The results of our study demonstrate that there was no significant toxicity of low-level CD gas, not greater than 0.1 ppm, following 24 hours/day, 7 days/week and 6-months whole body exposure in rats. This exposure period was longer than that of other previously reported studies [17–20]. Additionally, we successfully regulated the CD gas concentration within ± 25% of the target concentration throughout the exposure period, in comparison with Dalhamn's study in which actual CD gas levels fluctuated widely between 0.05 ppm and 0.3 ppm against the target concentration of 0.1 ppm . According to the US OSHA, the long-time (8 hour) permissible exposure TWA level of CD gas in environmental air in a human workplace is 0.1 ppm. Our results support that this level is not toxic in rats, even if the exposure was continued for 24 hours. Also, in an experiment before the study, we confirmed that the existence of animals, chow, water and excreta did not affect the circulating CD gas concentration under our experimental condition, presumably because of the high cycle time of ventilation, i.e., 30 times per hour (data not shown). Moreover, we confirmed prior to the study that the CD gas level was equal in the chamber and in the cage, irrespective of where in the chamber it was measured.

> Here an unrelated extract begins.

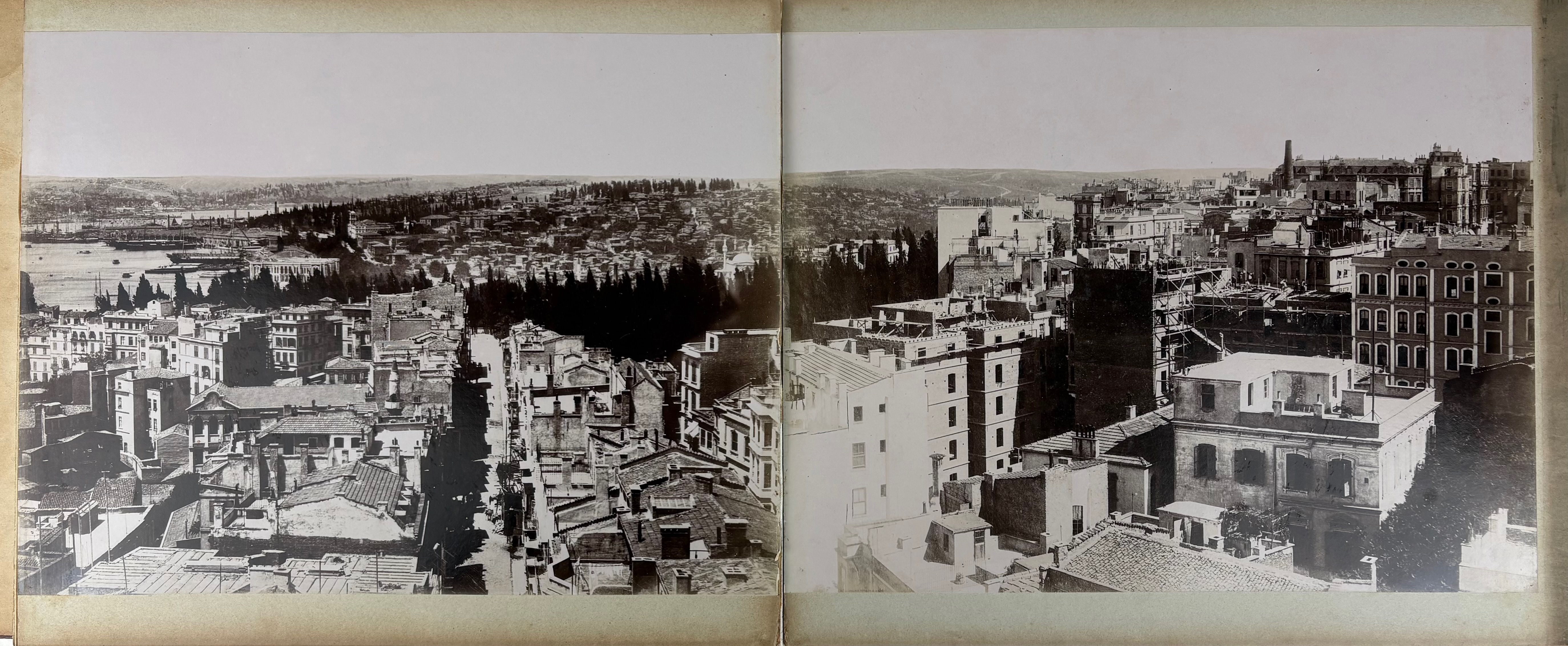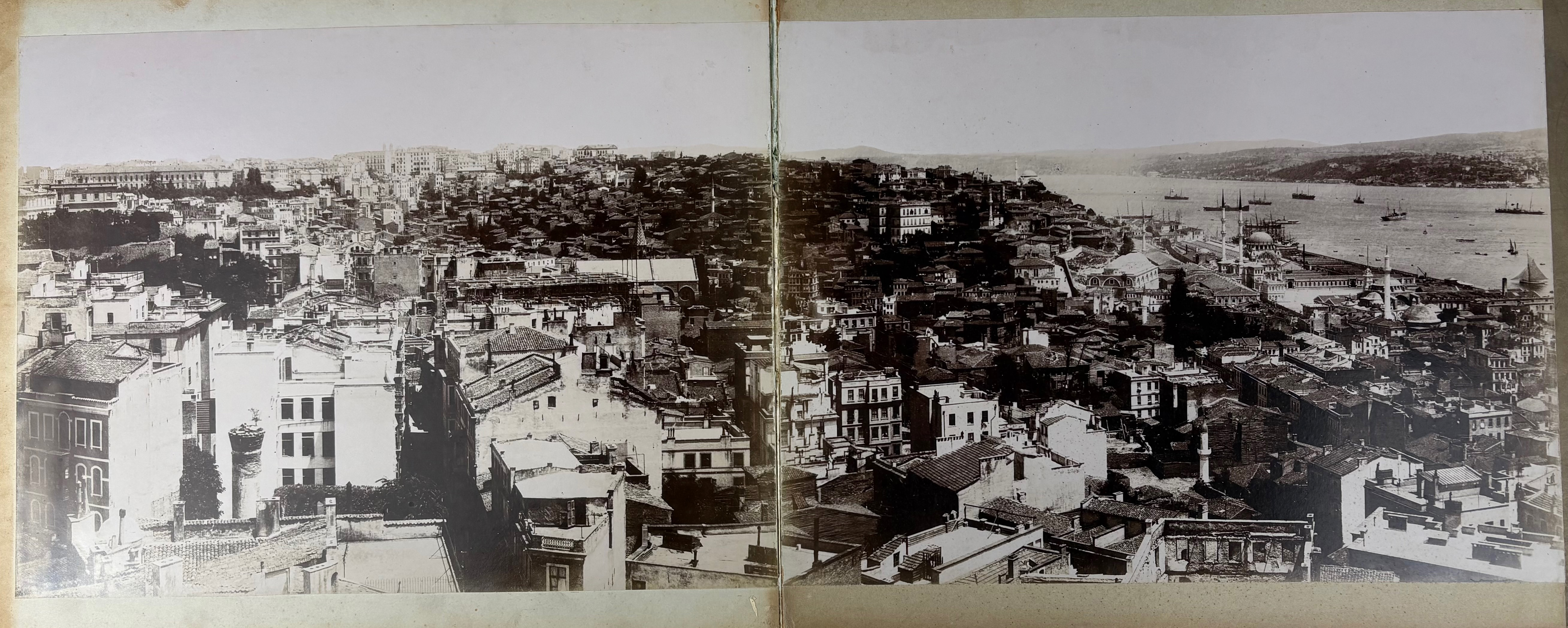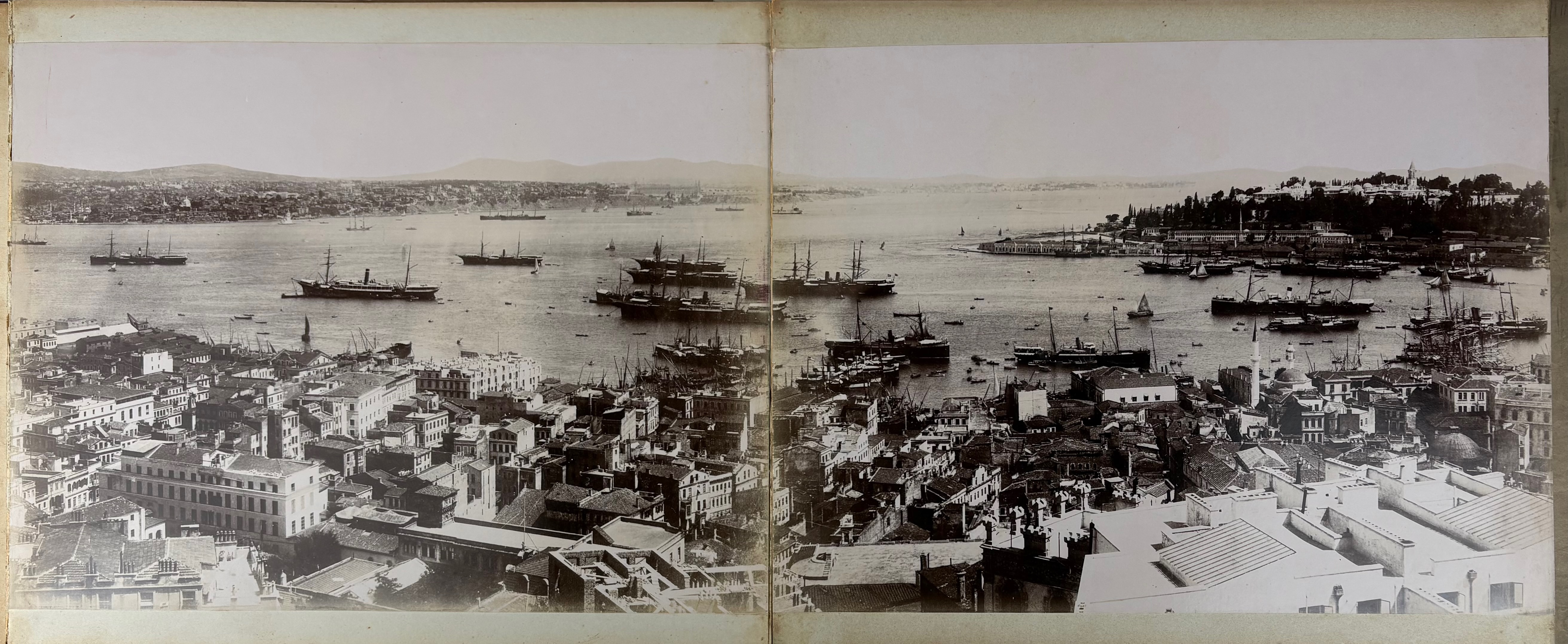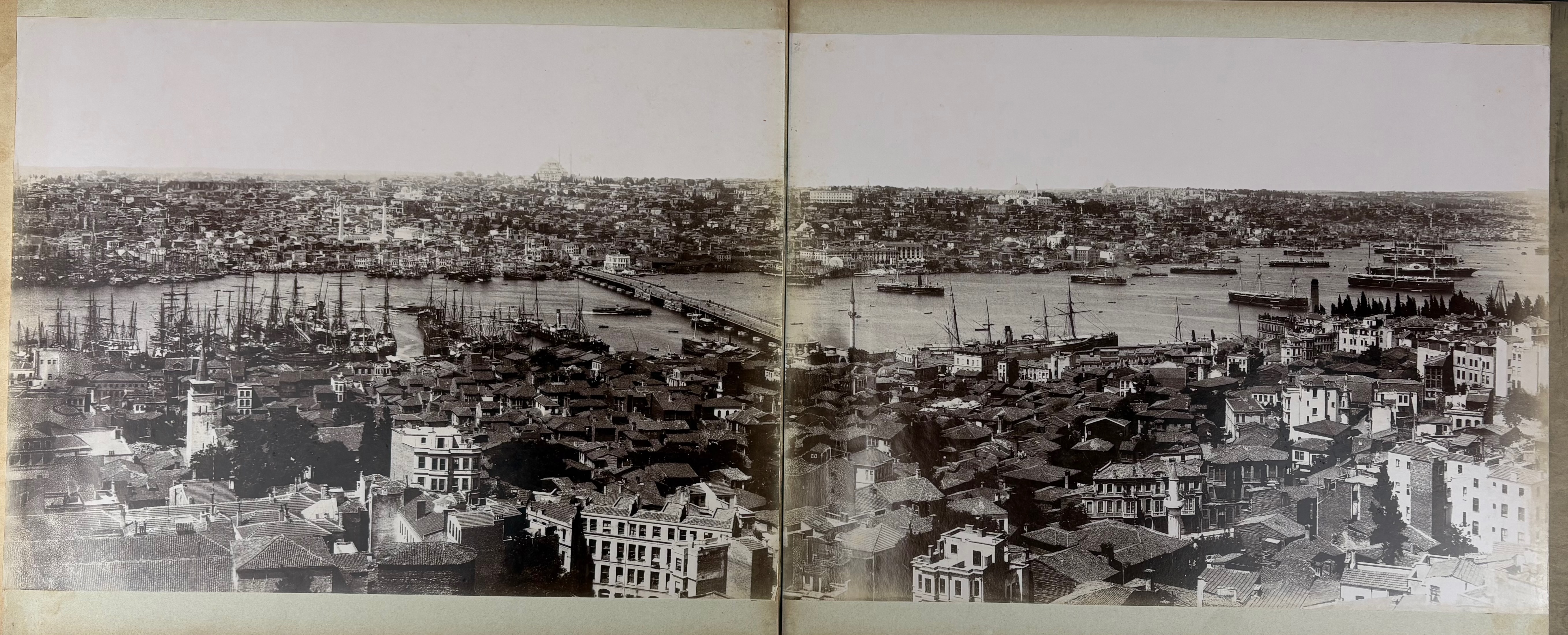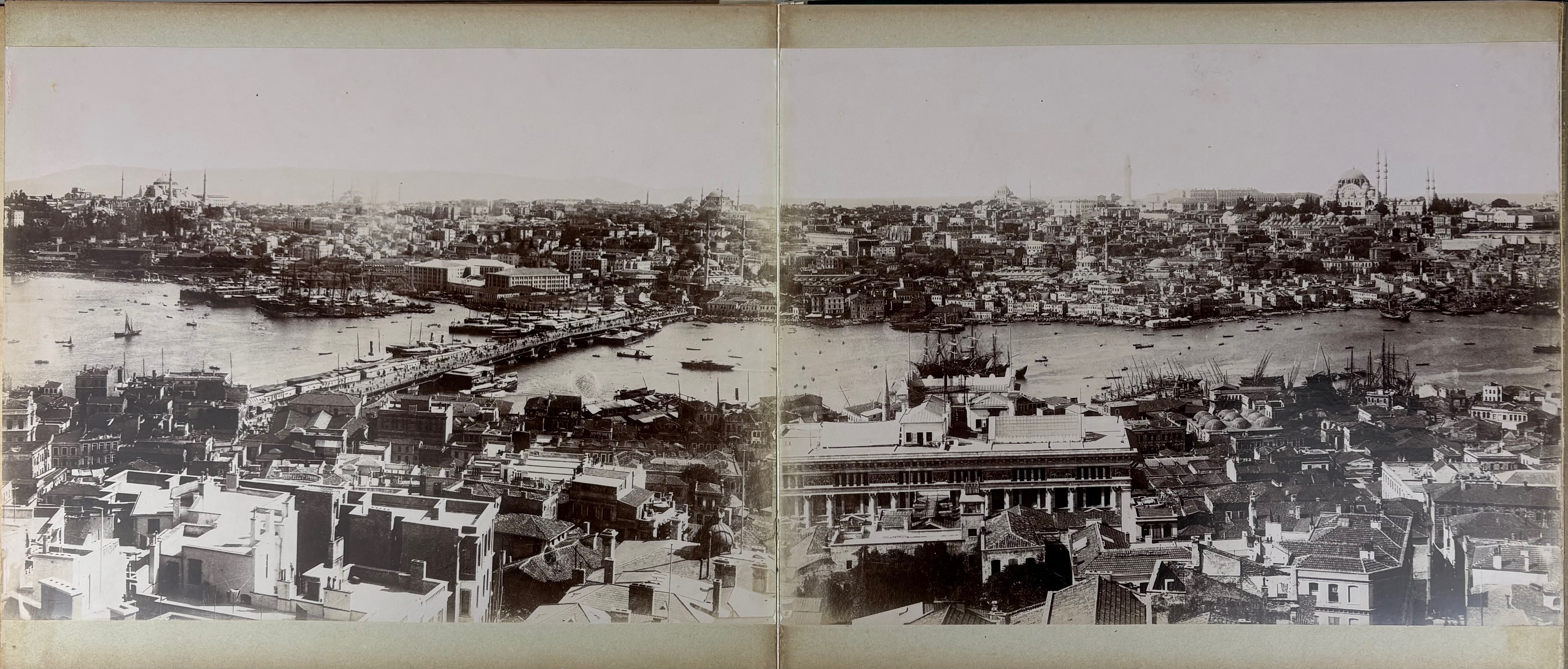 TURKEY -- CONSTANTINOPLE/ISTANBUL -- PANORAMA OF CONSTANTINOPLE. (Constantinople, P. Sebah & P. Joaillier), n.d. (c. 1890). 10 albumen prints, leporello-style, mounted on heavy cardboard forming a panoramic view of Constantinople. Each individual photo measures 244 x 330 mm; total length of the panorama c. 235 cm. The individual sheets are connected with white linen. In richly gilt dec. marbled cf. bind. of the period, front cover w. sunken central relief plaque which is gilt lettered "Constantinopel 1899". In mod. slipcase.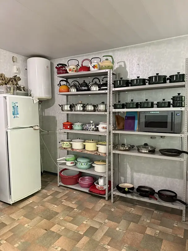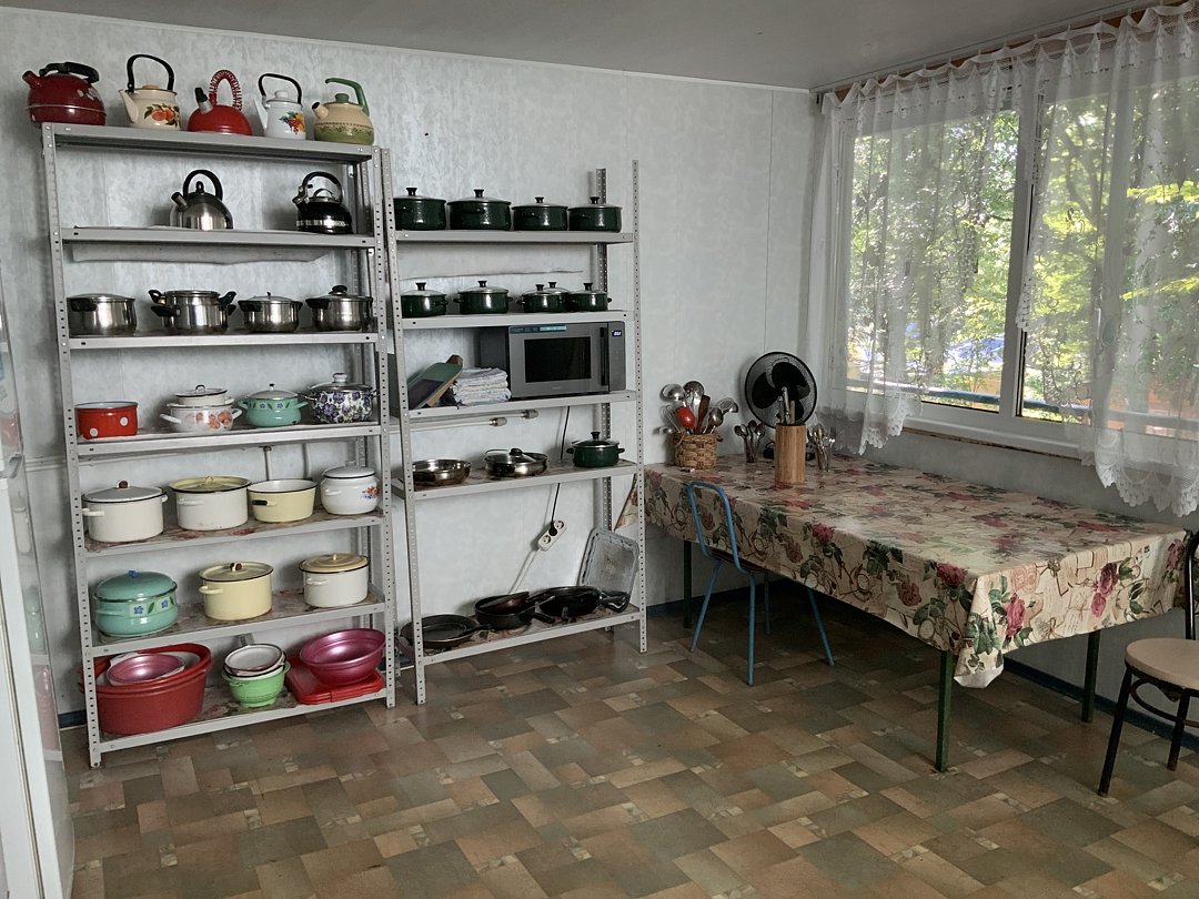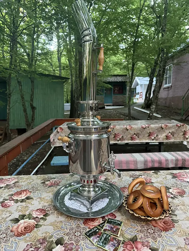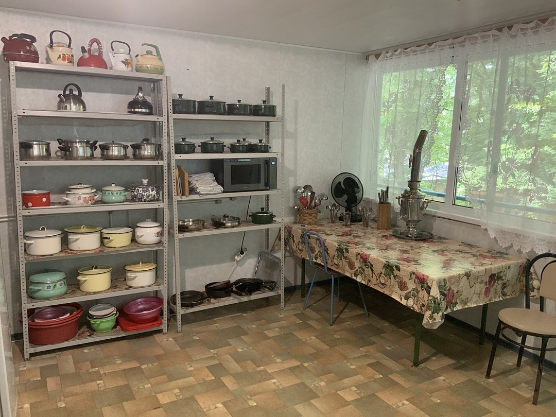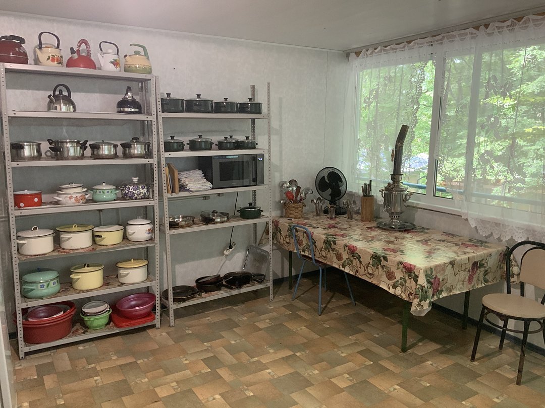 Инфраструктура базы включает просторную кухню, оборудованную всем необходимым для самостоятельного приготовления пищи, бесплатную автостоянку в тени, круглосуточный горячий душ, Wi-Fi оптоволокно, площадку с мангалами для приготовления шашлыка, самовар на углях, телевизор, караоке, ретро библиотеку с уникальными зданиями, стиральную машину, утюг.

Because of the inhalation exposure of the oxidant agent, it was expected that the primary target organs would be the respiratory organs. However, there were no significant changes of WBC in the blood and the BALF. Also, the cytokines (TNF-α and IL-6), which increase in the presence of inflammation [22, 23], were almost not detectable (Table 2), below the lower quantification limit (TNF-α: < 12.5 pg/ml; IL-6: < 62.5 pg/ml). In the high exposure group of male rats, IL-6 was detectable (63.8 pg/ml). However, this value was near the lower quantification limit level. Additionally, in the histopathological observation, no signs of toxicity in the nasal meatus, the nasal cavity, the pharynx, the trachea and the bronchus were observed. Thus, we concluded that the whole body exposure of CD gas, not greater than 0.1 ppm for 24 hours/day, 7 days/week for 6 months, did not cause the inflammatory sign in the respiratory organs in rats.
In biochemistry and hematology examinations, we observed that some parameters showed statistically significant changes. However, almost all of the changes in these parameters were not dose-related. EO%, which was reported to increase as a result of allergy, such as asthma or infection of parasitic arthropods [24–27], showed a statistically significant change between the exposed and the control groups. However, it was not a dose-dependent change, and decreased in the exposed group compared with the control group. To our speculation, since the presumable mechanism of action of CD is oxidation that is a physicochemical reaction, it's toxicity, if any, should appear in a dose-dependent manner. Thus, we concluded that the statistically significant change of EO% was not a sign of CD gas-related toxicity. There was a statistically significant change in BUN in the high exposure female rats. However, according to a report of Charles River Laboratories Japan for SD rats , mean ± standard deviation of BUN value in 30-week old SD rats were 16.9 ± 1.9 mg/dl. Also, the mean values in the control and low exposure groups were lower than the reference range. Thus, we concluded that the BUN value in the high exposure female rats was within the normal range and was not a toxic sign.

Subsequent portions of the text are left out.